Obecnie wiadomo, że proces angiogenezy jest związany z zachwianiem równowagi pomiędzy czynnikami pro- i antyangiogennymi [45]. Najważniejszym czynnikiem pobudzającym tworzenie nowych naczyń jest VEGF, natomiast PEDF jest jednym z czynników hamujących ten proces. W siatkówce oba czynniki pozostają we wzajemnej zależności [44,47]. Retrospektywne badania, dotyczące pacjentów z retinopatią cukrzycową, wskazują na istotne podwyższenie poziomu VEGF a obniżenie PEDF u badanych chorych, w porównaniu z grupami kontrolnymi – pacjentami diabetologicznymi niewykazującymi cech retinopatii [22,44]. Cai i wsp. [11] wykazali, że PEDF zastosowany w hodowli komórek śródbłonka mikrokapilarnego pochodzącego z siatkówki bydlęcej (BRMECs – bovine retinal microvascular endothelial cells) nie wpływał w znaczący sposób na migrację i tworzenie przez te komórki kanalików pierwotnych naczyń. Jednak, jeśli dodanie PEDF było poprzedzone podaniem VEGF, wówczas czynnik ten w znaczący sposób redukował indukowaną przez VEGF proliferację i migrację komórek śródbłonka [11,38].
W innych badaniach skoncentrowano się nad wpływem PEDF na blokowanie angiogenezy w strukturach oka pozbawionych unaczynienia w warunkach fizjologicznych. PEDF okazał się niezbędny do utrzymania takiego stanu nie tylko ze względu na hamowanie odpowiedzi angiogennej wywołanej przez VEGF, czy FGF (fibroblast growth factor) [55], ale także na zapobieganie powstawaniu nieprawidłowego unaczynienia. Zaobserwowano również, że PEDF wpływa wybiórczo na nowo powstające naczynia, natomiast nie oddziałuje na już istniejące [70].
Dowson i wsp. wykazali, że podanie PEDF do rogówki szczura hamuje wywołaną wcześniej neowaskularyzację [17], a działanie to jest zdecydowanie silniejsze, niż innych czynników antyangiogennych, takich jak angiostatyna, czy trombospondyna [17,55]. PEDF jest także głównym inhibitorem angiogenezy, występującym fizjologicznie w ciele szklistym. Pozbawienie szklistki tego czynnika prowadzi do aktywacji procesu neowaskularyzacji [17,31]. Wyniki tych doświadczeń potwierdzają antyangiogenne działanie PEDF w awaskularnych strukturach oka.

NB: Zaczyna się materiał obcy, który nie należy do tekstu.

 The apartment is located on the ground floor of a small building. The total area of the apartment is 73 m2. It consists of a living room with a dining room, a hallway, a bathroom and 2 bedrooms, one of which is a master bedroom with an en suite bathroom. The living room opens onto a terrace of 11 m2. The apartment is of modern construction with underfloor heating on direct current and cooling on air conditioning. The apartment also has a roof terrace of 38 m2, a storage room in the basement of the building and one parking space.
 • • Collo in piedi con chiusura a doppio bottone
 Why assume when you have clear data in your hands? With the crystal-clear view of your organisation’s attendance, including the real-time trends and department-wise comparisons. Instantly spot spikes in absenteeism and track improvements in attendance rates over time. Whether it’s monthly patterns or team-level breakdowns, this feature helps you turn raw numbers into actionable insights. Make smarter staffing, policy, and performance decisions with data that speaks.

Działanie przeciwnowotworowe PEDF
Rozwój nowych naczyń jest także jednym z niezbędnych ogniw w łańcuchu przemian prowadzących do rozwoju i wzrostu nowotworu. Uzyskanie rozmiarów większych niż 2–3 mm, a w późniejszym okresie choroby uzyskanie zdolności tworzenia przerzutów jest ściśle uzależnione od procesu angiogenezy [9,20,21,26].

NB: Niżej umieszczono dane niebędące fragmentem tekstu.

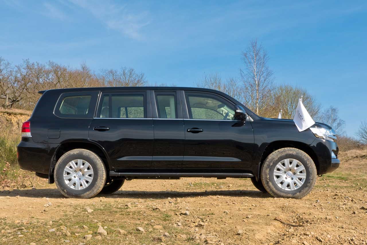 Land Cruisers have always been popular choices for armoured vehicles due to their reliability and build quality. And this one features all the typical tropes. Along with the 50cm extension, it's has LED lights in the grille, a secure two-layer rear hatch, and it's bulletproof with the potential to protect occupants from armour-piercing rounds.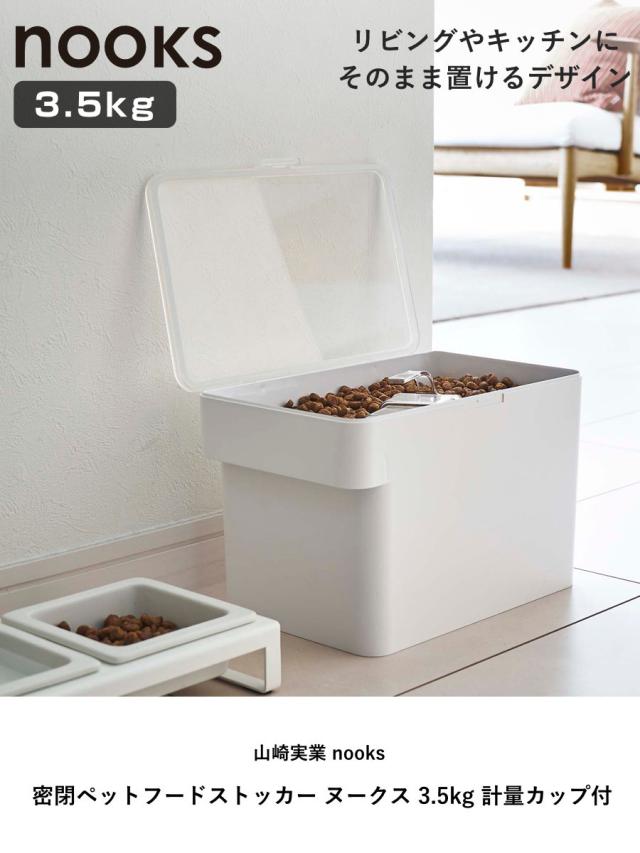 山崎実業 nooks 密閉ペットフードストッカー ヌークス 3.5kg 計量カップ付 ( 4903208056113 ペットフード ストッカー ペット フード 密閉 保存 容器 ドッグフード キャットフード エサ入れ ケース ペット用品 ブラック ホワイト )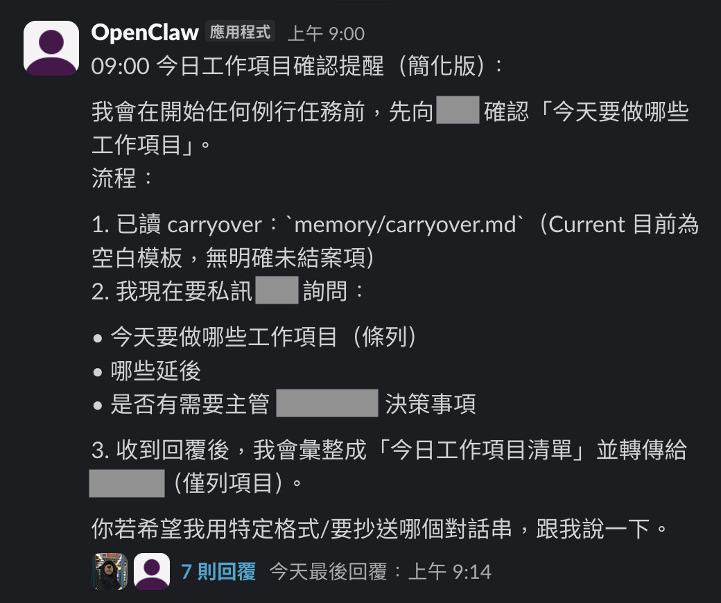 早晨 09:00 的「晨間喚醒」: 蝦寶會準時與執行同仁對接,主動詢問:「今日的重點工作項目有哪些?」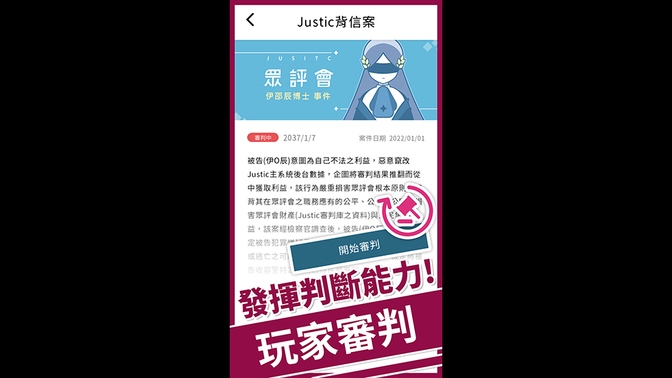 在現代社會,網路文化中的標題黨現象普遍存在,很多人只透過標題就擅自定論,缺乏全面了解的能力。因此,這款遊戲結合了英美法系的「陪審團」中的國民法官制度,提供一個讓每個人都能體驗成為法官的遊戲。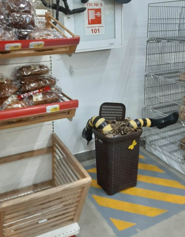 Также рядом с прилавками – мусорная корзина, из которой торчат отрубленные женские ноги в сапогах на каблуках.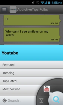 To help you easily find the items of interest, 2ya offers various context-aware sub-menus under each category. The Movies menu helps finding popular movies, nearby theaters and movie titles by genre. The YouTube menu allows browsing featured, trending, top rated and most viewed videos on the popular video hosting network. Restaurants can be searched by cuisines or nearby food sports, whereas for locations, 2ya lets you request location of the recipient, share your own location with them, or edit your current place. Unlike the iOS variant, the Android version of 2ya doesn’t seem to support local media sharing for some inexplicable reason, which is a massive oversight on the developer’s part.

Badania prowadzone przez Hase’a i wsp. [28] dotyczyły wpływu PEDF na komórki ludzkiego raka trzustki wszczepione nagim myszom. Wprowadzenie wektora lentiwirusowego zawierającego PEDF doprowadziło do znaczącego zahamowania wzrostu guza nowotworowego, co było związane ze znacznym zmniejszeniem gęstości naczyń włosowatych w jego obszarze. Dane te sugerują również, że niedobór PEDF może się wiązać z nasileniem rozwoju nowotworu trzustki w wyniku nasilenia proliferacji komórek guza oraz aktywacją angiogenezy [28].

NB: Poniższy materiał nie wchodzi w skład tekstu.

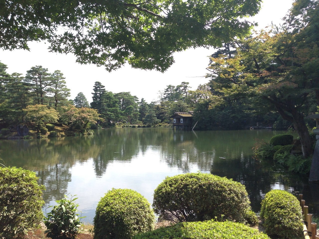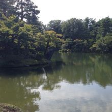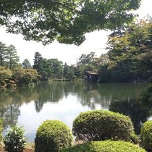 園内には 大きな池が二つあり そのうちの一つ。曲水から流れる水の終点で、兼六園の景観に欠かせない 灯籠もこの池のほとりにあります。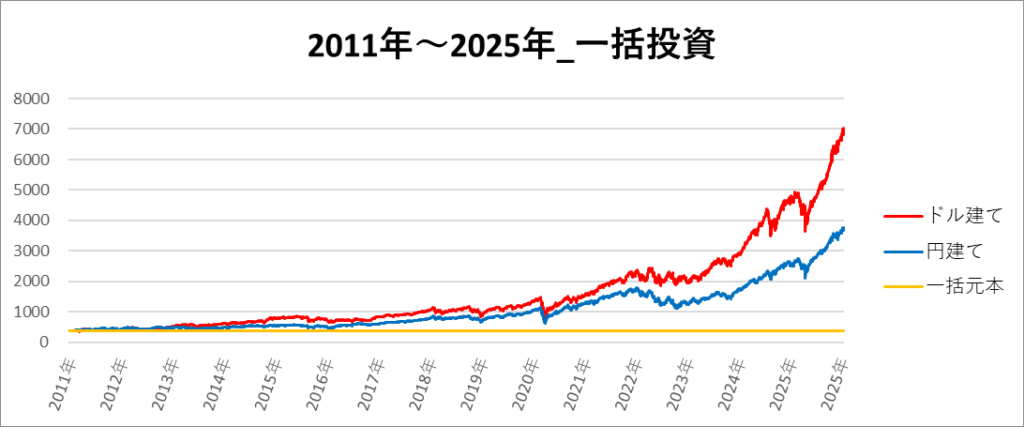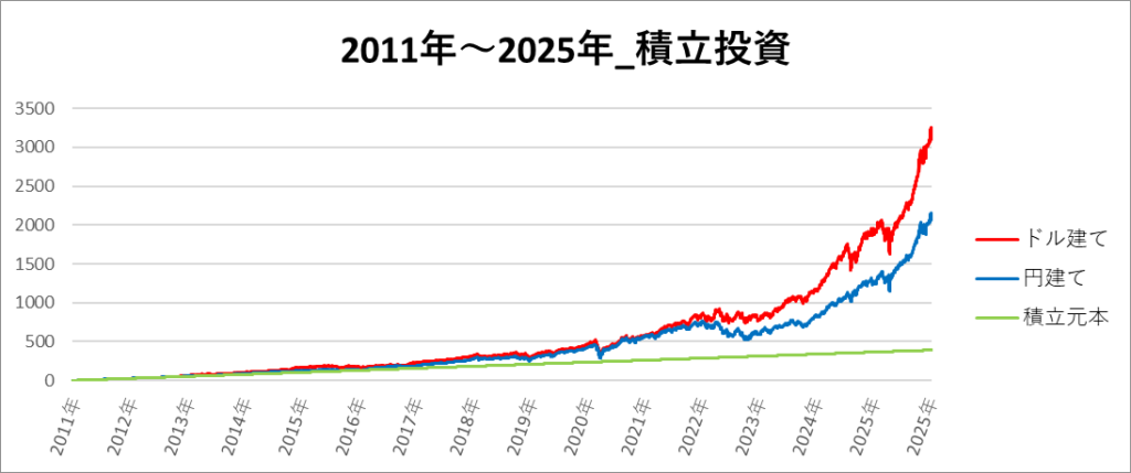 この期間は、2020年ごろから円建てとドル建てのリターンの差が開き、最終的に円建ての方が高リターンになっています。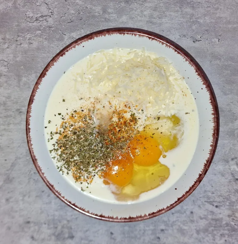 • Für den Guss Ei, Sahne, Sauerrahm, Gewürze und Zitrusfaser, Milch, 1/3 des geriebenen Käse mit einem Mixer verrühren.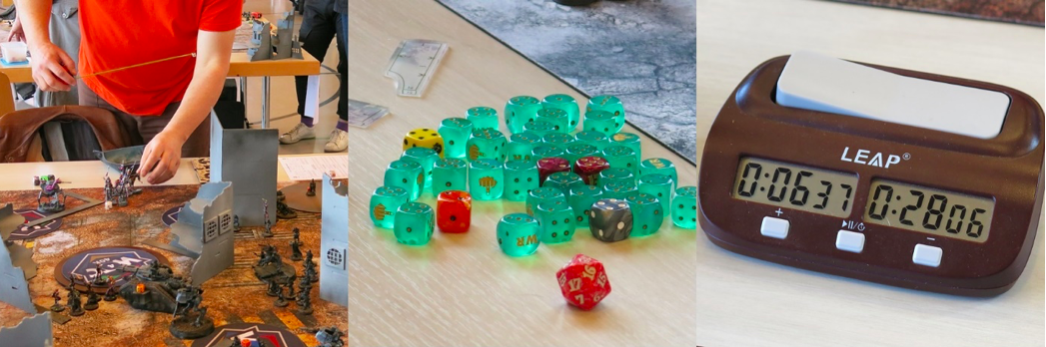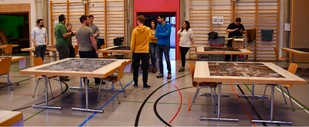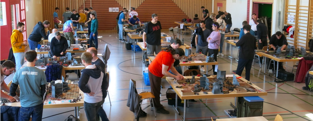 La journée va être longue, trois rounds de combats, trois rounds de 3 heures 30. Sur chaque table, des figurines, un décor. L’imagination est fertile, la créativité présente, le futurisme au rendez-vous (le futurisme pour mémoire est aussi un mouvement littéraire et artistique du début du XXème siècle qui rejette toute tradition passée et exalte le futur). Les joueurs créent et peignent leurs figurines comme les anciens créaient les soldats de plomb, la filiation n’est pas rejetée. Le décor est planté avec le soin d’un maquettiste de trains électriques. La bataille peut commencer.

Blokowanie angiogenezy i zahamowanie wzrostu guza obserwowano także na modelu, w którym nagim myszom wszczepiono komórki linii HCC (human hepatocellular carcinoma) oraz LLC (Lewis lung carcinoma). W obu przypadkach myszom podano PEDF za pomocą wektora adenowirusowego i uzyskano zdecydowane zmniejszenie gęstości naczyń włosowatych otaczających guz [67].
Interesujące wyniki uzyskano na modelu raka piersi, w którym wykorzystano 9 linii komórkowych tego nowotworu. Ekspresja PEDF-mRNA oraz stężenie peptydu występowały tylko w 5 z nich i były znacząco mniejsze w porównaniu nie tylko z tkankami zdrowymi, ale także z wartościami oznaczanymi w komórkach innych nowotworów ludzkich [12].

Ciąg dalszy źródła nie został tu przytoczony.